Harry He, MD1, Vikashsingh Rambhujun, MBBS2, Matthew DeMaria, DO2, Mohammad Ali, MD3, Raluca Vrabie, MD1; 1Winthrop University Hospital, Mineola, NY; 2NYU Winthrop Unversity Hospital, Mineola, NY; 3Guthrie Cortland Medical Center, Cortland, NY
Introduction: Intussusception is a form of bowel obstruction defined as the telescoping of proximal segment of bowel into a distal segment. Intussusception in adults accounts for 5% of all cases and is usually secondary to a lead point such as a tumor or polyp. Intussusception in adults presents with vomiting, abdominal pain, hematochezia, or constipation. Cases where organic lesions act as the lead point present as a bowel obstruction. CT scan is diagnostic, which can identify location and presence of a lead point. Those with lead points can cause obstruction and ischemia- surgery is the treatment. Intussusception developing after an endoscopic procedure is extremely rare. In several cases there was a polypectomy performed and the subsequent intussusception was attributed to bowel edema acting as a lead point. All cases were treated with surgical intervention.

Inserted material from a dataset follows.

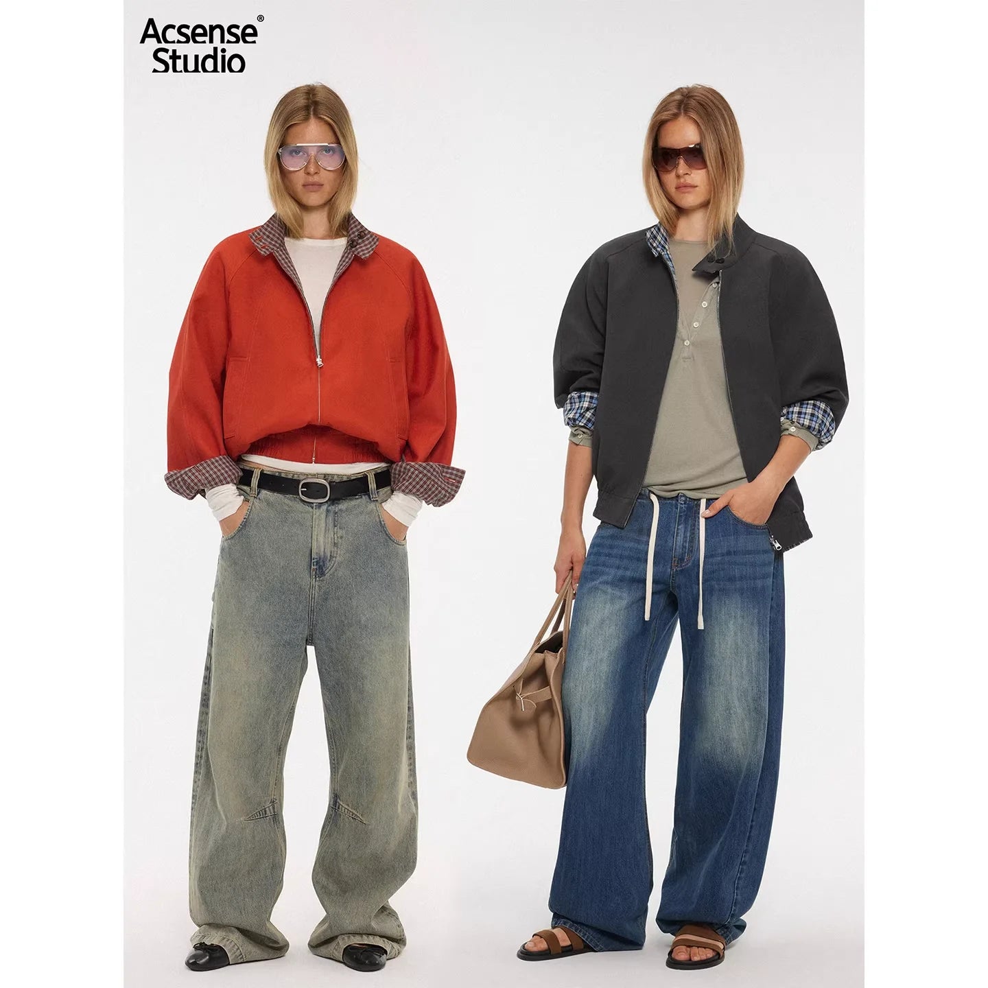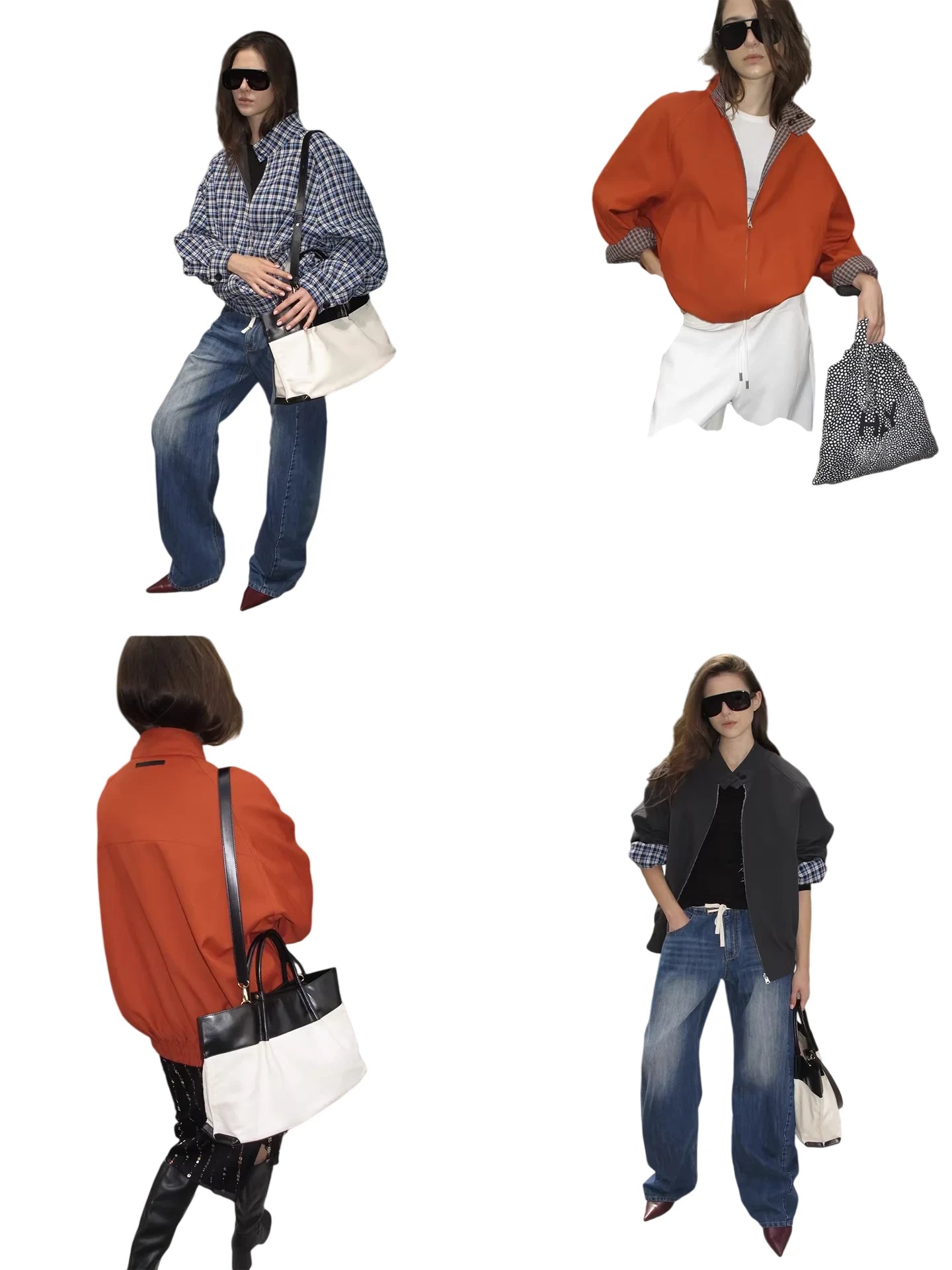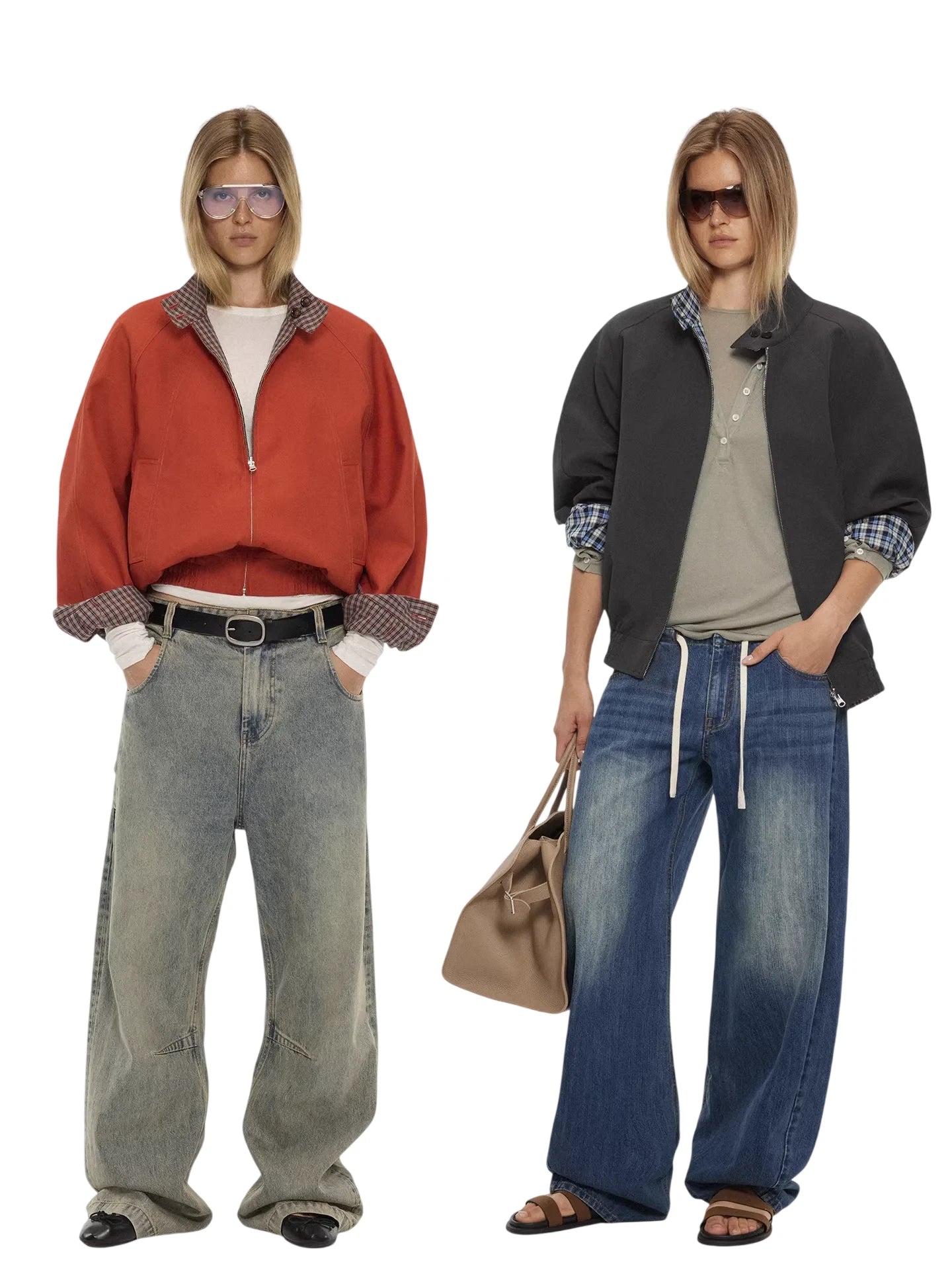 Modelled here by women in contemporary styling, the jacket pairs effortlessly with wide-leg jeans, adding a laid-back yet fashion-forward touch perfect for urban settings.
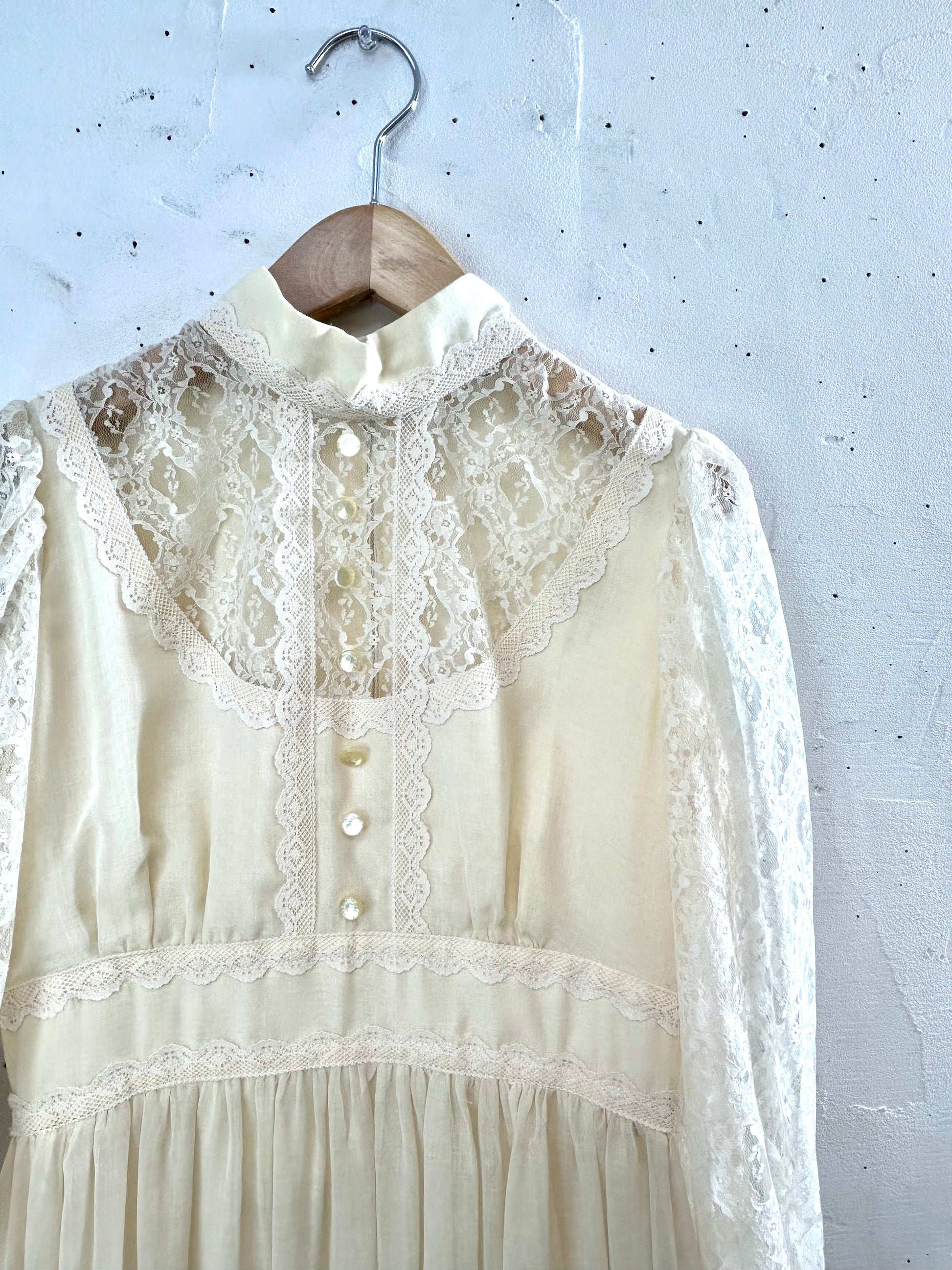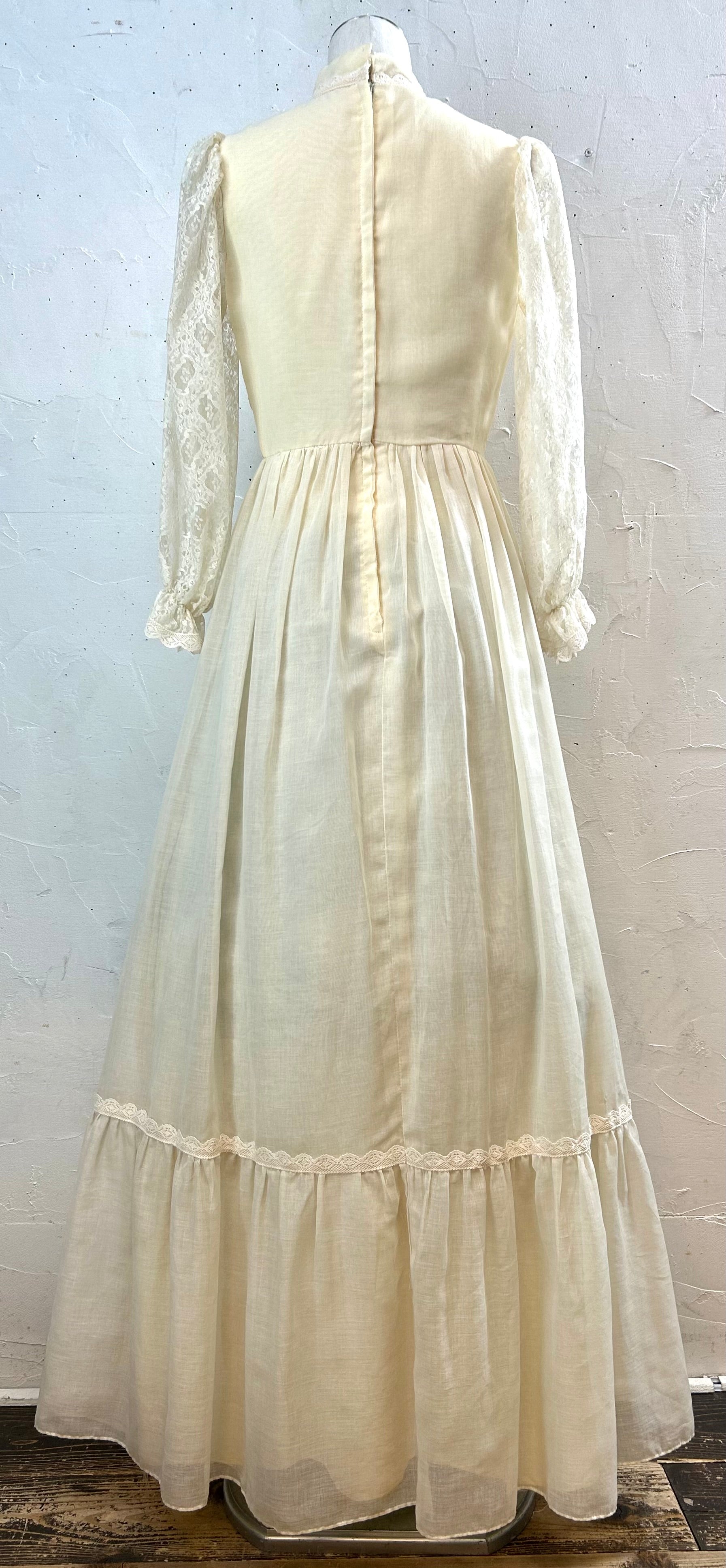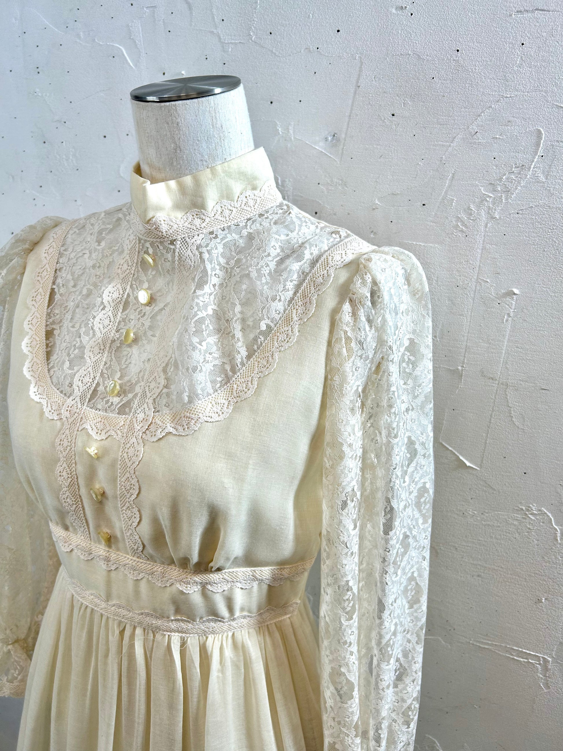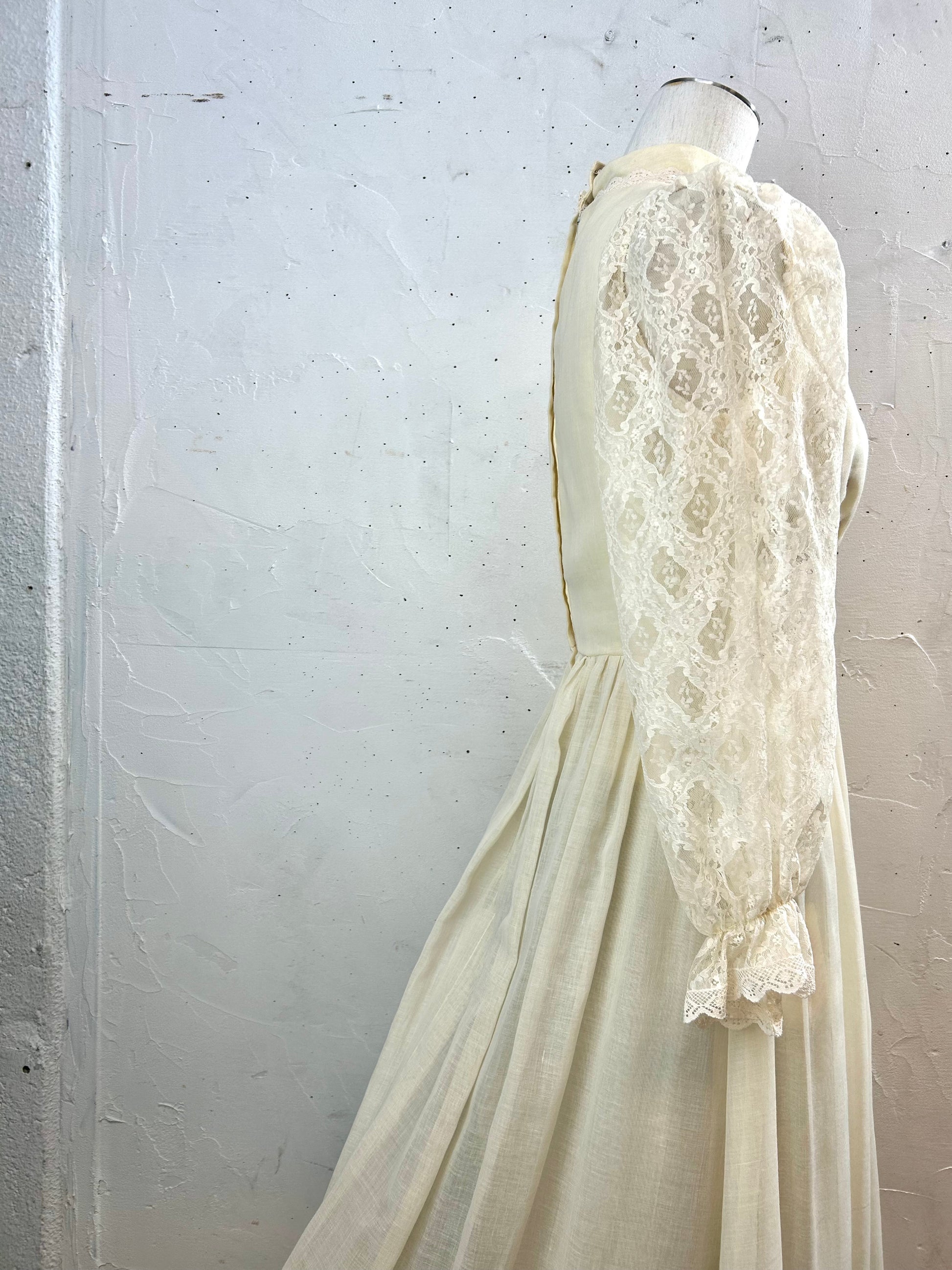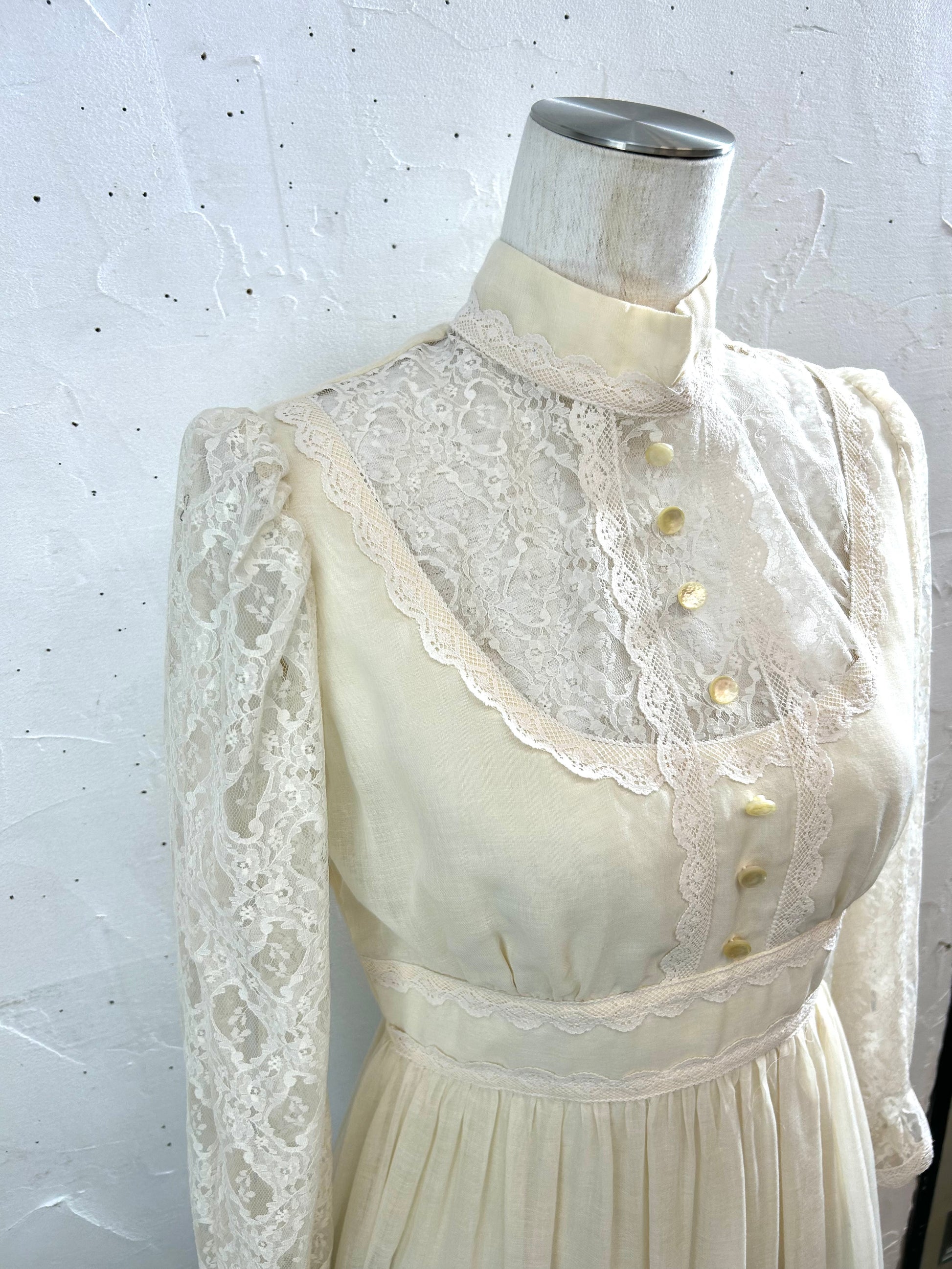 深みのあるオフホワイトのレースと柔らかな生地を使ってデザインされたドレスでとても品があり現代でも世界的に人気の高いアイテムとなっており、長いカフスや細かな刺繍等細部までのこだわりも魅力的です。

Methods: A 54-year-old female patient with a history of diabetes presented to the ED with worsening colicky abdominal pain starting four hours after a colonoscopy with polpectomy in the transvsere colon was performed. She also experienced red mucus in her stools. Her vital signs were within normal limits. On exam, she had a non-distended abdomen, with mild tenderness over the RUQ without any palpable masses. Her blood work was significant for a white count of 13 with a normal metabolic profile and lactate. The patient had an abdominal X- ray and CT of the abdomen which showed a transverse colo-colonic intussusception with partial obstruction. The patient was seen by the surgical team who opted for a conservative management with IV fluids and nil per os. Her symptoms rapidly improved the next day. She was started on a liquid diet which was advanced without complications. She was discharged on the third day after a normal bowel movement. An MRI two months after discharge was unremarkable. Discussion: Intussusception with colonoscopy as an etiology is very uncommon. In our patient, polypectomy in the setting of colitis likely contributed to her development of an intussusception and partial bowel obstruction. There are no standard guidelines for management. In all colonoscopy-related cases cited, surgical interventions were pursued. Conservative management was pursued for our patient who had complete resolution of her symptoms. This report demonstrates that in non-malignant intussusception cases a conservative approach at first, with surgery reserved for patients with worsening symptoms, is practical.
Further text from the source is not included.